Ознакомительная версия.
Однако с этой версией вряд ли можно согласиться, на основании того что в данном случае Дмитрий еще в 1380 году, сразу после встречи с послами от Тохтамыша, должен был бы выслать в Орду полагающуюся по праву хану дань или хотя бы ее часть, чего, как известно, не случилось.
Князь Дмитрий Иванович не сделал этого и в следующем, 1381 году, и через год, оставив законного хана в недоумении, и, наверное, не сделал бы этого вообще, если бы Тохтамыш не предпринял соответствующие меры. Из чего следует, что Дмитрий Иванович либо неверно понял сложившееся в Орде положение дел и ждал очередной смены хана; либо тянул время, для того чтобы собрать объединенные войска для отпора Тохтамышу. В том, что Тохтамыш направит войска на Москву забирать дань, князь, по предыдущему опыту взаимоотношений с Ордой, вряд ли мог сомневаться.
В Симеоновской летописи поход Тохтамыша на Москву описывается следующим образом: «Князь же великий Дмитрий Иванович, услышав, что сам царь идет на него со всей силой своею, не встал на бой, не поднял против него руки, против царя Тохтамыша, но поехал в свой град, на Кострому».
Несколько иную информацию по этому поводу обнаруживаем в Софийской первой летописи: «Великий же князь Дмитрий Иванович, слыша такую весть, что идет на него сам царь со множеством силы ратной, начал собирать свои полки ратные, желая идти против татар, и начали думать думу такую великий князь Дмитрий Иванович со всеми князьями русскими. И обнаружились разногласия у них, – не хотели помогать… Не было между ними единства и доверия; и поняв то и уразумев, великий князь Дмитрий Иванович был в недоумении и в размышлении; не захотел встать против самого царя, но поехал в свой град Переяславль, а оттуда, мимо Ростова… быстро на Кострому».
Из приведенного текста становится очевидным, что князь Дмитрий все-таки хотел организовать сопротивление, но ему помешали княжеские раздоры и ненадежность союзников. В северных землях Московского княжества великий князь мог рассчитывать собрать необходимые войска до того, как татары достигнут стольного города. Однако Тохтамыш опередил князя и внезапно напал на Москву. Город, оставшийся без своего защитника, был сожжен татарами. Внезапность нападения была обеспечена рязанским князем Олегом, указавшим броды через Оку для подступов к Москве.
Нашествие Тохтамыша – катастрофа после великой победы – подробно описано в летописной повести, старейшую версию которой мы находим все в той же Симеоновской летописи: «Царь, – повествует летописец, – перейдя реку Оку, прежде всего взял град Серпухов, и огнем пожег его, а оттуда пошел к Москве, поспешно устремился, волости и села сжигая и воюя, а род христианский иссекая и убивая, а иных людей забирая в полон… Татары же, взяв Москву-град, товар и имущество все разграбили, а потом огнем пожгли, предав, таким образом, град огню, – а людей мечу предали; так вот быстро взяли град».

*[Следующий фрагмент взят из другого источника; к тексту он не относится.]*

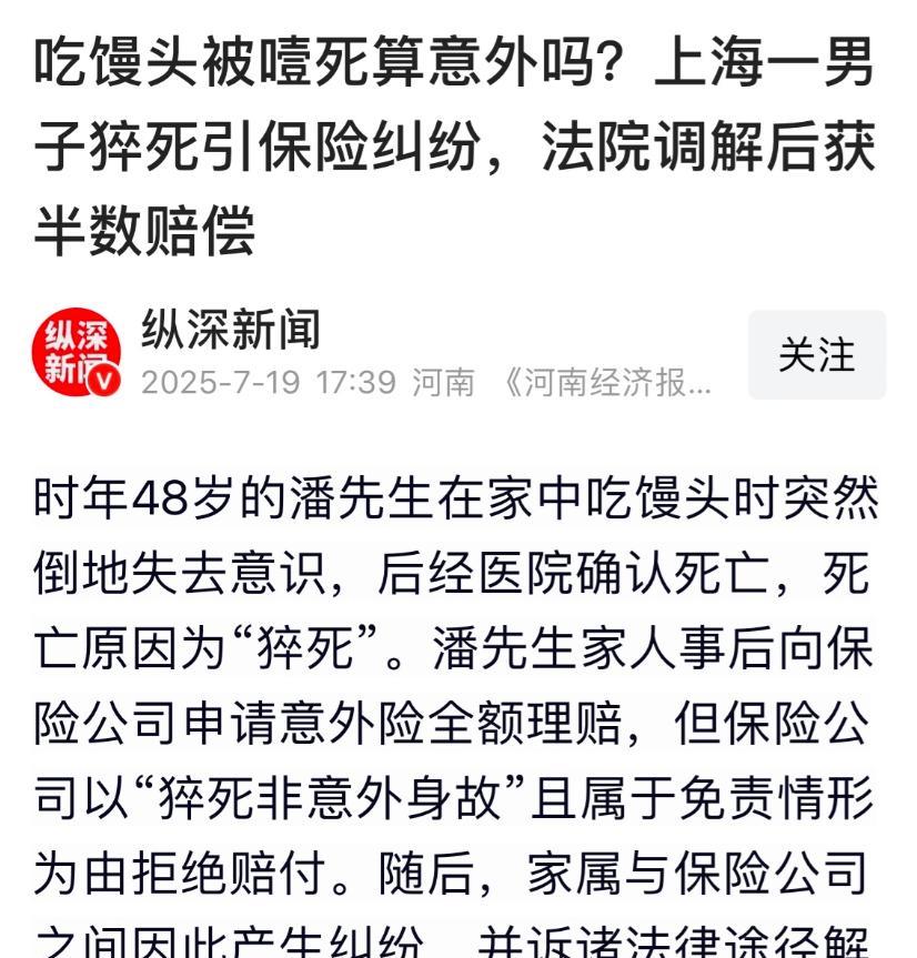 上海,男子在家中吃馒头,可吃着吃着,他竟突然倒地,噎死了。家属火化完遗体后,想起曾给男子买过意外险,理赔金 10 万,可保险公司的理赔专员李姐当时就摇头,说这不算意外,还指着合同里的字说噎死在免责范围里,家属一听就急了。 潘先生的爱人刘女士后来跟我们念叨,这事发生在 2023 年 11 月 12 号,就在上海浦东的那个老小区里,那天她刚好回娘家,就剩公公潘先生和婆婆张阿姨在家。 张阿姨现在一提还抹眼泪,说那天蒸的是白面馒头,有点硬,老头子吃快了,嘴里还嚼着就说 “噎、噎”,手往脖子上抓,接着就直挺挺倒地上了,脸憋得通红。 邻居王大哥说他听见张阿姨哭喊,赶紧跑过去,看见潘先生躺在地上没动静,张阿姨手抖得拨不对 120 号码,还是他接过手机打的,救护车到的时候是 11 点 40 分,医生看了看就说不行了。 急救记录上写着 “口腔内见未咽下馒头块”,死亡证明写的是 “猝死”,张阿姨说当时脑子乱,就想着赶紧让老头子入土为安,火化是 11 月 15 号办的,过了一周整理抽屉才看见那份 2016 年买的意外险保单。 刘女士拿着保单去找保险公司,李姐翻了翻记录说,这保单是保意外身故,可猝死不算,而且潘先生 2021 年体检有高血压、心脏早搏,属于有潜在疾病,符合免责条款。 “我们哪知道猝死不算意外啊?” 刘女士提高了声音,说买保险的时候业务员就说 “出啥事都赔”,根本没提这些,她还去找当时的业务员,对方早就离职了,公司说换了好几波人,查不到记录。 小区物业调了监控,11 月 12 号上午 11 点 25 分,潘先生确实是自己走进厨房拿馒头的,没跟人争执,也没摔倒磕碰,王大哥说 “就是吃馒头出的事,这还不算意外?” 张阿姨去居委会找李主任评理,李主任说 “我也不懂保险条款啊,要不你们找街道司法所问问?” 街道司法所的小赵解释,保险法里有说,要是没及时通知保险公司,导致死因说不清,保险公司可能不赔,“你们火化了才报案,确实有点麻烦”。 双方闹到法院,开庭那天,保险公司拿出去年的体检报告,说潘先生的身体状况本来就不好,噎死可能是疾病诱发的,刘女士就哭,说 “他平时一顿能吃三个馒头,身体好着呢”,还请了邻居作证。 法官说要不调解试试,调了两次没成,第三次李姐带来个领导,说 “最多再加 2.8 万,之前已经给了 2 万通融款,总共 5 万,再多真不行了”,刘女士跟张阿姨商量了半天,点头了,“折腾不起了,就这样吧”。 本文信息综合自本地媒体公开报道(2025 年 7 月 18 日)
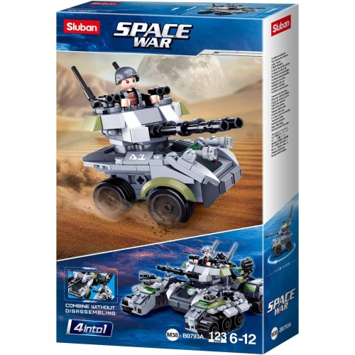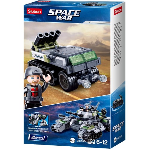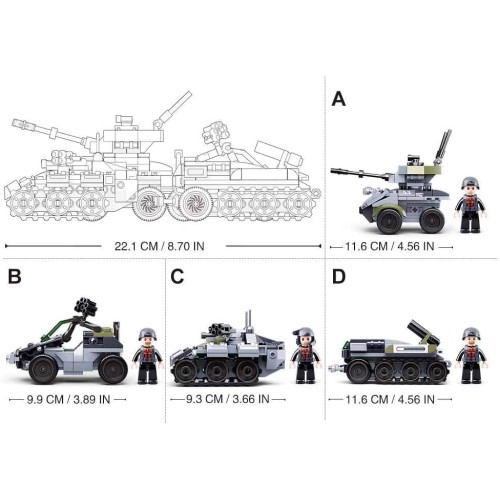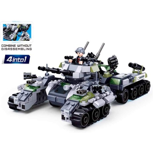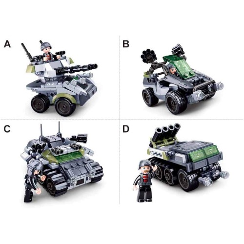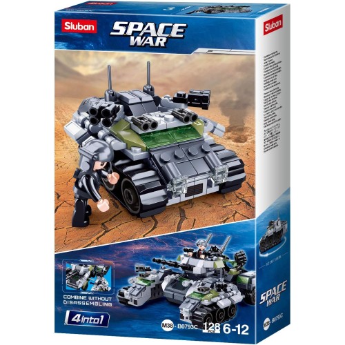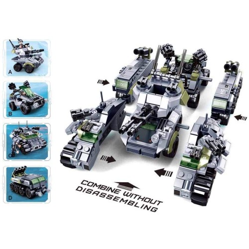 Каждый набор из 4 представляет собой интересную и уникальную модель военной космической техники для сборки, собрав все модели вы сможете их соединить в один большой танк.

После описания грабежей в летописи следует довольно значительное по объему описание «плача великого», стоящего на Руси, по разоренной столице. Описание плача является характерной деталью практически всех средневековых сочинений, содержащих информацию о подавлении и разграблении Руси захватчиками, это связано с тем, что для средневекового автора беды были поучительнее, а значит, и важнее успехов – они лучше заставляли вспомнить о грехах человеческих и о долге перед Богом… Да и писалась повесть о Тохтамыше около 1390 года, когда разорение Москвы было памятным.
Впрочем, торжество Тохтамыша было недолгим. Против хана выступил серпуховской князь Владимир Храбрый, которому некоторые исследователи даже приписывают прозвище Донской, что связано с его геройством на поле Куликовом.
«А князь Владимир Андреевич, собрав воев много вокруг себя, встал и ополчился близ Волока. И там какие-то татары наехали на него; он же прогнал их от себя. Они же прибежали к Тохтамышу-царю, устрашенные и побитые. Царь же, услышав, что князь великий на Костроме, а князь Владимир у Волока, поостерегся, ожидая на себя нападения. Потому-то он немного дней простоял в Москве, но взяв Москву, быстро ушел». За это пришлось расплатиться Олегу Рязанскому: «Царь же переправился через Оку, и взял всю Рязанскую землю, и огнем пожег, и людей посек, а полон повел в Орду, множество бесчисленное. Князь же Олег Рязанский, то видя, побежал».
Так ордынцы возместили себе недобранное в Московской земле – а Олег получил возможность убедиться, что победы московского соперника гораздо выгоднее для Рязани, чем поражения… «Пуще ему стало и татарской рати», – с удовлетворением отмечает летописец чуть далее, описывая уже поход московских дружин на Рязань. Но Москве это частичное отмщение не могло вернуть погибших и угнанных.
Однако вне зависимости от разнящихся летописных деталей, приводимых нами по двум источникам и указывающих на причины того, почему князь Дмитрий не собрал войско для сопротивления Тохтамышу, лейтмотив этих источников один – «не захотел встать против самого царя».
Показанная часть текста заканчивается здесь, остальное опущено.